- Task directions -
For the entries below, how many lines contain the word "naar"? Reply with the number and nothing else.

Data for the task: Begin

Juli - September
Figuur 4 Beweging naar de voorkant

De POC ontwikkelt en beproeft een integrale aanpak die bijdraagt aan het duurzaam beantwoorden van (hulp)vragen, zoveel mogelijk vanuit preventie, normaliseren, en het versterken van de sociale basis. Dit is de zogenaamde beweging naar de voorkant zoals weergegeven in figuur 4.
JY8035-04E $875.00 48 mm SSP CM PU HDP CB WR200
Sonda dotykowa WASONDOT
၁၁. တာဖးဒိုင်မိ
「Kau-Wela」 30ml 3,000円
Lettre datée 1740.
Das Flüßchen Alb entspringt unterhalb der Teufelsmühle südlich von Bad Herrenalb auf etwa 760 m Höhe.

Data for the task: End
Data for the task: Begin

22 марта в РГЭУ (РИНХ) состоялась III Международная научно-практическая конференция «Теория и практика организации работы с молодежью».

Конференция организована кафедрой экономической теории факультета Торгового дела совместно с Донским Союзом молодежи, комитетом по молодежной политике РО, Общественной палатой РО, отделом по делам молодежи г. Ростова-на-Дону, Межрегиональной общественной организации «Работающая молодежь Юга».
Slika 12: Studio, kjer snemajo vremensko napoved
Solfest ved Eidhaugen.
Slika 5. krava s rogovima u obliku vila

Data for the task: End
Data for the task: Begin

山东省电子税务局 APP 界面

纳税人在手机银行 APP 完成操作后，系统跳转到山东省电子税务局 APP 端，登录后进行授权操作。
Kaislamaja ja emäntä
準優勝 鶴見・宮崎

Data for the task: End

- Solution -
2